If you're starting out, authors recommend you always use the latest version at HEAD only.
As of Q2'24, Fleetbench provides coverage for several major hot functions.
Benchmark | Description |
---|---|
Proto | Instruction-focused. |
Swissmap | Data-focused. |
Libc | Data-focused. |
TCMalloc | Data-focused. |
Compression | Data-focused. Covers Snappy, ZSTD, Brotli, and Zlib. |
Hashing | Data-focused.
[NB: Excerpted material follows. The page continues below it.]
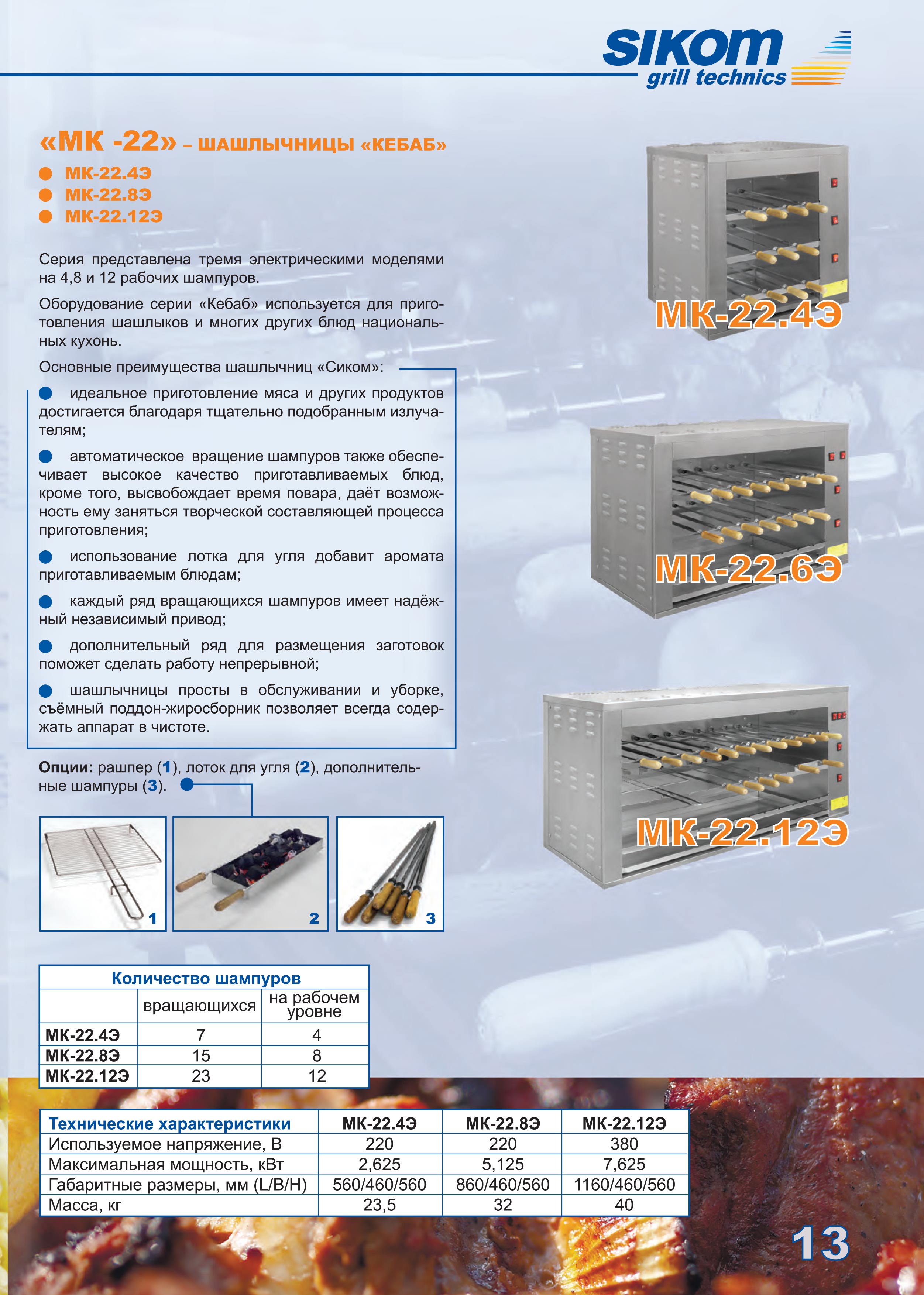 Электрический гриль Sikom МК-22.4Э предназначен для приготовления мясных, рыбных и овощных блюд на шампурах.

Supports algorithms CRC32 and absl::Hash. |
STL-Cord | Instruction-focused. |
Bazel is the official build system for Fleetbench.
We support Bazel version 6 and 7.
NOTE: Our setup uses Bazel 7.0.1 and LLVM 17.0.1.
As an example, to run the Swissmap benchmarks:
bazel run --config=opt fleetbench/swissmap:swissmap_benchmark
Important: Always run benchmarks with --config=opt
to apply essential compiler
optimizations.
Replacing the $WORK_LOAD
and $BUILD_TARGET
with one of the entry in the
table to build and run the benchmark. The reasons why we add each build flag are
explained in the next few sections.
Benchmark | WORKLOAD | BUILD_TARGET | Binary run flags |
---|---|---|---|
Proto | proto | proto_benchmark | --benchmark_min_time=3s |
Swissmap | swissmap | swissmap_benchmark | |
Libc memory | libc | mem_benchmark | --benchmark_counters_tabular=true |
TCMalloc | tcmalloc | empirical_driver | --benchmark_min_time=10s . Check --benchmark_filter below. |
Compression | compression | compression_benchmark | --benchmark_counters_tabular=true |
Hashing | hashing | hashing_benchmark | --benchmark_counters_tabular=true |
STL-Cord | stl | cord_benchmark |
NOTE: By default, each benchmark only runs a minimal set of tests that we have
selected as the most representative. To see the default lists, you can use the
--benchmark_list_tests
flag when running the target. You can add
--benchmark_filter=all
to see the exhaustive list.
You can also specify a regex in --benchmark_filter
flag to specify a subset of
benchmarks to run
(more info).
The TCMalloc Empirical Driver benchmark can take ~1hr to run all benchmarks, so
running a subset may be advised.
Example to run for only sets of 16
and 64
elements of swissmap:
bazel run --config=opt fleetbench/swissmap:swissmap_benchmark -- \
--benchmark_filter=".*set_size:(16|64).*"
To extend the runtime of a benchmark, e.g. to collect more profile samples, use
--benchmark_min_time
.
bazel run --config=opt fleetbench/proto:proto_benchmark -- --benchmark_min_time=30s
Some benchmarks also provide counter reports after completion. Adding
--benchmark_counters_tabular=true
(doc)
can help print counters as table columns for improved layout.
TCMalloc is the underlying memory allocator in this benchmark suite. By default it operates in per-CPU mode.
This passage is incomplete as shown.